*** Supplied data ***

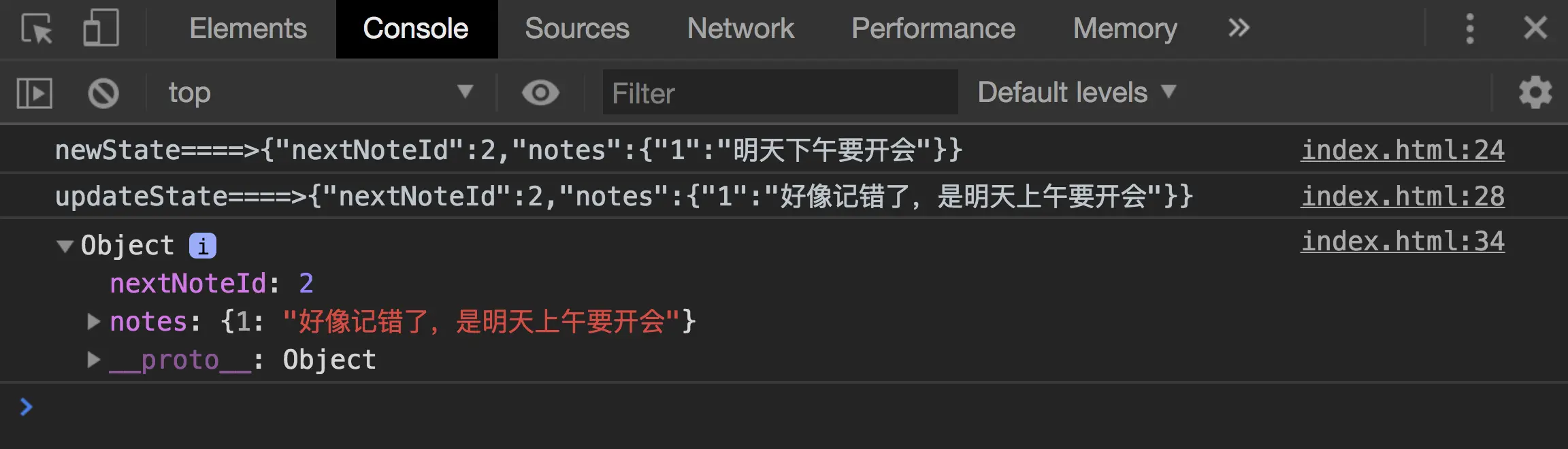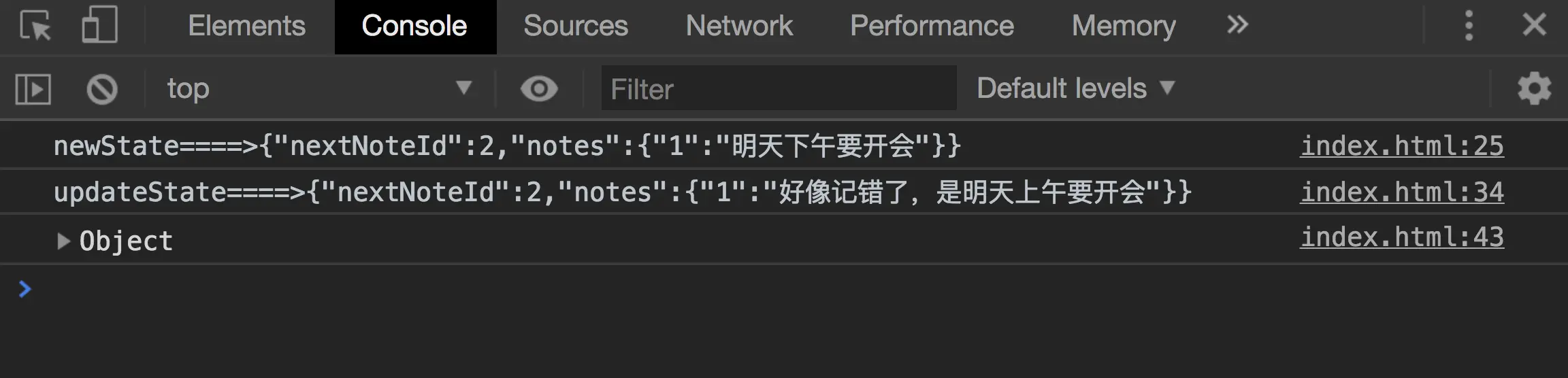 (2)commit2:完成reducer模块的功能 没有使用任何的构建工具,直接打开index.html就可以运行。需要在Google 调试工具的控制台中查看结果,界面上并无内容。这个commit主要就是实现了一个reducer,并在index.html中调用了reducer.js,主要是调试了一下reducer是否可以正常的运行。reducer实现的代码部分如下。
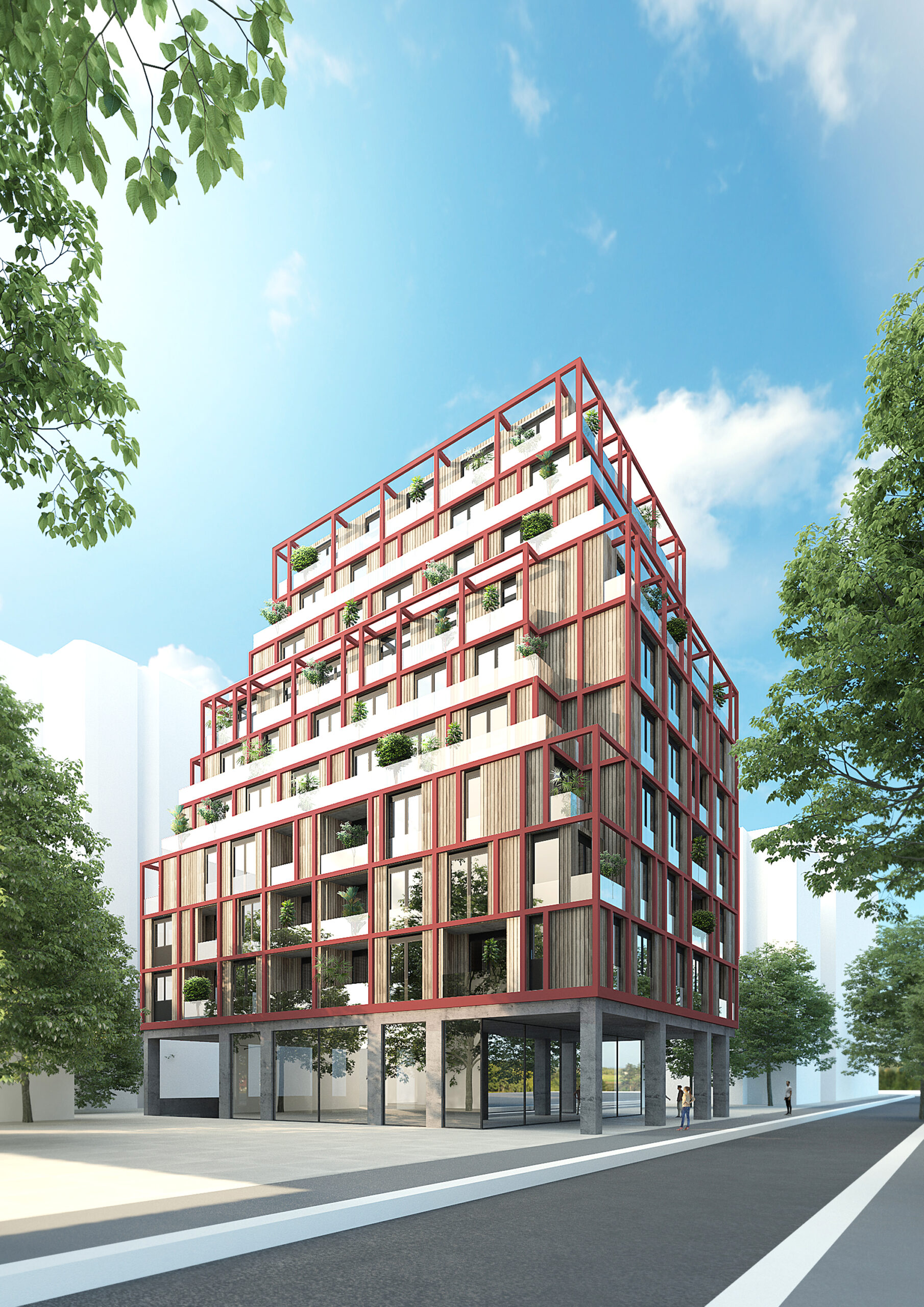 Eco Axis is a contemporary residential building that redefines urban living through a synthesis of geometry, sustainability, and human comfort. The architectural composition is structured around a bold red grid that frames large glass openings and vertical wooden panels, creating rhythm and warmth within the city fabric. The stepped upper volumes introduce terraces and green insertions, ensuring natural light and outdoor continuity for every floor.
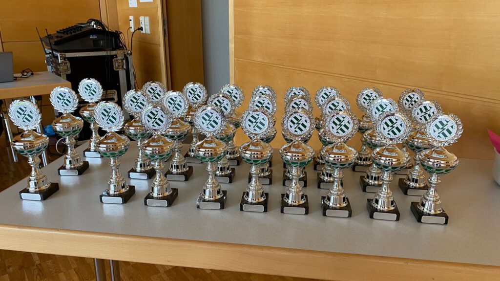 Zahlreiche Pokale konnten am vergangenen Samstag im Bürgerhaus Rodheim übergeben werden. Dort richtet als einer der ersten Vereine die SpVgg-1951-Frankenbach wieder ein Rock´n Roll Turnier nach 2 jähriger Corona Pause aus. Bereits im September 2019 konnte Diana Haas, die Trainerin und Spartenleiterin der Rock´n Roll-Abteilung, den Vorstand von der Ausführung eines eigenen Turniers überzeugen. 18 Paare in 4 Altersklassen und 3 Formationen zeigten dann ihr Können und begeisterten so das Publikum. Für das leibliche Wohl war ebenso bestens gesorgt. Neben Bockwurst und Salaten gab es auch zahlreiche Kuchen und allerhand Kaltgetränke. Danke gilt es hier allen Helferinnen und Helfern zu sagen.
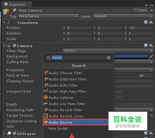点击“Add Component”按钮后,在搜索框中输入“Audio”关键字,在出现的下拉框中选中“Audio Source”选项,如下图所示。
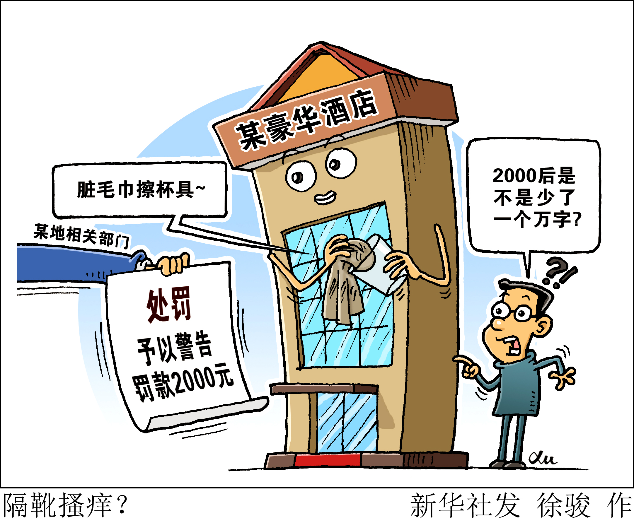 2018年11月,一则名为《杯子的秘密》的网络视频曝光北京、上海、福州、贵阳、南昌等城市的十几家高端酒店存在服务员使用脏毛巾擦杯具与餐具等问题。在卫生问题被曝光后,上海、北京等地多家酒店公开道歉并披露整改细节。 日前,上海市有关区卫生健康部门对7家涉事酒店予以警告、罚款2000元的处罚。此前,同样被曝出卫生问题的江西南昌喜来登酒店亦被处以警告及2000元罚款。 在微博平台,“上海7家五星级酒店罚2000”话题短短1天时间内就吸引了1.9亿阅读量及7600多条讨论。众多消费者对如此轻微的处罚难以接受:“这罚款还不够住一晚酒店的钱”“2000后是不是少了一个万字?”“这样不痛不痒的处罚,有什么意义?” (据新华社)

*** End of Supplied data ***
*** Supplied data ***

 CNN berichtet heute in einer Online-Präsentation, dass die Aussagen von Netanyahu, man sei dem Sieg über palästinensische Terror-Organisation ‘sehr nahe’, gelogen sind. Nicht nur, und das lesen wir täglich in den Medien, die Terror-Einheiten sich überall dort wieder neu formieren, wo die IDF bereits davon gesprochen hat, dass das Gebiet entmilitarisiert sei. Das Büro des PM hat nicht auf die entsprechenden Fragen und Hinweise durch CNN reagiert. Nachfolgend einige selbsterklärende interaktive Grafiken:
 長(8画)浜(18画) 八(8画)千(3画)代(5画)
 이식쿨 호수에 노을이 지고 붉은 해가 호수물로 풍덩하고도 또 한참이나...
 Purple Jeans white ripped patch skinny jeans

*** End of Supplied data ***

What you should do:
Each line above from the one with "長(8画)浜(18画) 八(8画)千(3画)代(5画)" up to and including the one with "Purple Jeans white ripped patch skinny jeans" must be set down exactly, and no line outside that span may appear.

Solution to this exercise:
 長(8画)浜(18画) 八(8画)千(3画)代(5画)
 이식쿨 호수에 노을이 지고 붉은 해가 호수물로 풍덩하고도 또 한참이나...
 Purple Jeans white ripped patch skinny jeans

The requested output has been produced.